A thread from 2019: https://news.ycombinator.com/item?id=19084773

Discussed at the time: https://news.ycombinator.com/item?id=15359574

(Reposts are ok after a year or so.)

boomlinde5y ago

I wonder why the significand is represented as a > 1 number. It complicates representing zero (making it a special case not covered by the article of defining exponent=0, mantissa=0 to mean zero). Is it for the purpose of simplifying arithmetic operations or is it to minimize the number of redundant representations of zero?

rational_indian5y ago

The leading 1. prefix can be omitted from the binary representation thus saving a bit in the process.

boomlinde5y ago

That doesn't answer my question, though.

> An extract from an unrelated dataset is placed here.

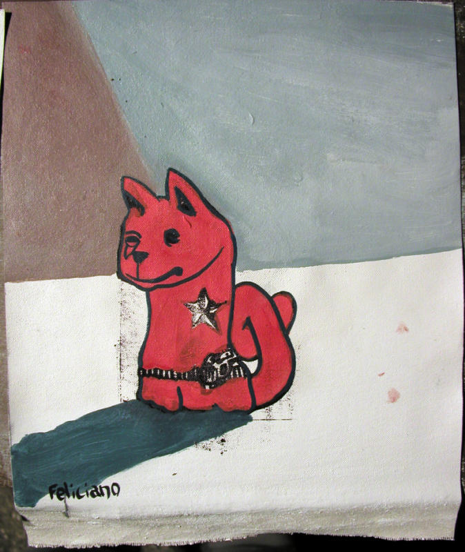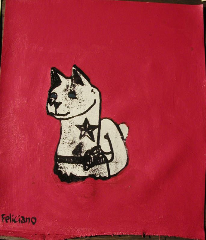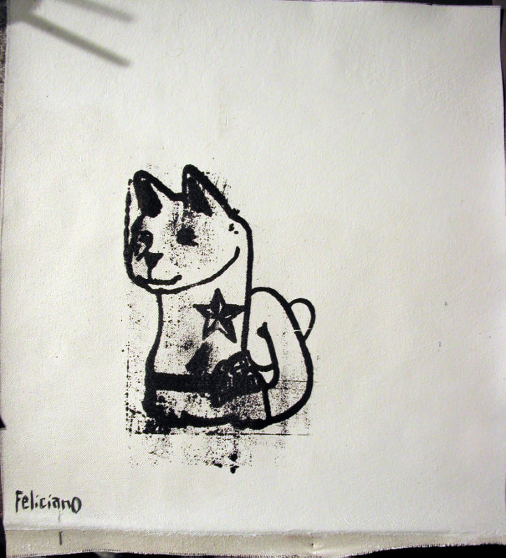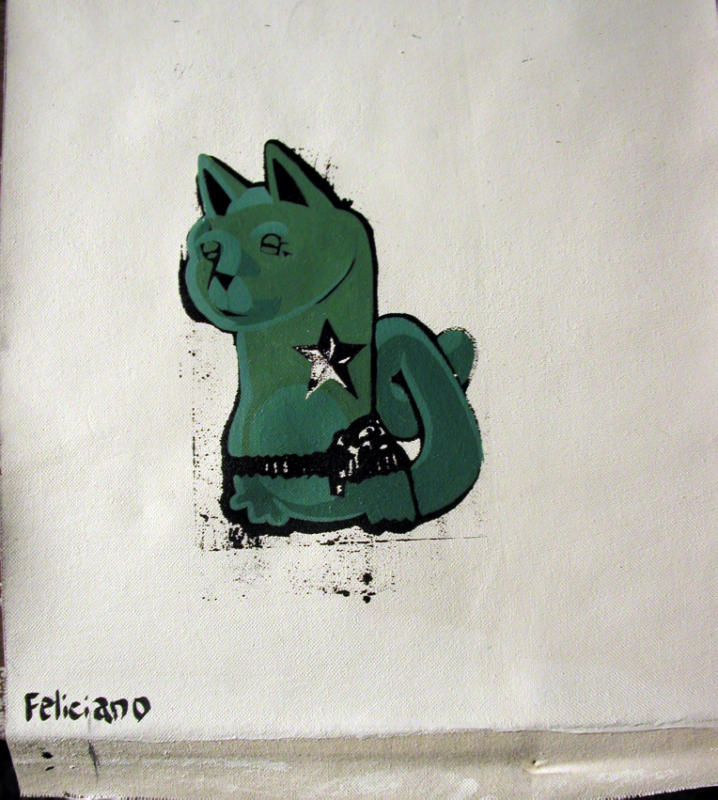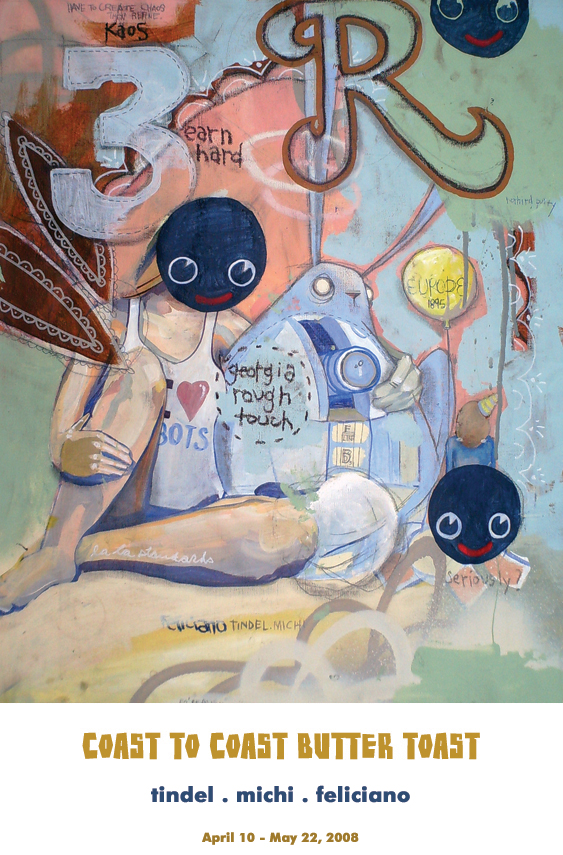 Feliciano is creating new works with Tindel, Michi, Maxwell and Kowalski, starting in 2004 when Michi and Tindel invited Feliciano to come and paint with them. In 2007 we started mailing canvases across the country from LA (Feliciano) to Atlanta (Tindel, Michi and Maxwell) this how the COAST TO COAST BUTTER TOAST show got started. April 2008 was the first show on the West coast. All five of us will regularly be showing work in Castleberry Hill, Atlanta’s historic arts district during the monthly Friday ArtStroll. Kowalski has put together a new space, MadMan Studios, above the Besharat Gallery at 175 Peters Street.

I'm asking why the significand is in the range 1-2 instead of 0-1.

jimmaswell5y ago

I remember wondering at first how you know this won't have multiple representations and cover every number - it's because the mantissa can't reach 2, and if it was 2 it would be the same as adding to the exponent, so you get the full range between any two exponents.

piadodjanho5y ago

Ackchyually...

The IEEE-754 has a lot of redundant representation. Not where you would expect though.

Caveat: Those features are invaluable for some niche applications, but not for the average joe.

To start. Every IEEE-754 float has two zero representation: one for positive zero and another negative negative zero (sic).

The special numbers are another source of redundancy. The the double format, have about 9,007,199,254,740,992 different combination to encode three different states that a production ready software shouldn't reach: NaN, +inf and -inf.

Other than the redundancy, the double have many rarely used combination. For instance, the subnormals representation. Unless you are compiling your program with -O0 or with some exotic compiler, they are disabled by default. One subnormal operation can take over a hundread of cycles to complete. Therefore, more 9,007,199,254,740,992 wasted combination.

If that wasn't bad enough, since the magnitude of the numbers follows a normal distribution (someone whose name I forgot's law), the most significant bits of the exponent field are very rarely used. The IEEE-754 encoding is suboptimal.

The posit floating point address all those issues. It uses an tapered encoding for the exponent field.

thechao5y ago

I'm mixed on Gustafson's posit stuff. For me, the only thing I'd change for fp would be:

1. -0 now encodes NAN.

2. +inf/-inf are all Fs with sign: 0x7FFFFFFF, 0xFFFFFFFF.

3. 0 is the only denorm.

Which does four good things:

1. Gets rid of the utter insanity which is -0.

2. Gets rid of all the redundant NANs.

3. Makes INF "look like" INF.

4. Gets rid of "hard" mixed denorm/norm math.

And one seriously bad thing:

1. Lose a bunch of underflow values in the denorm range.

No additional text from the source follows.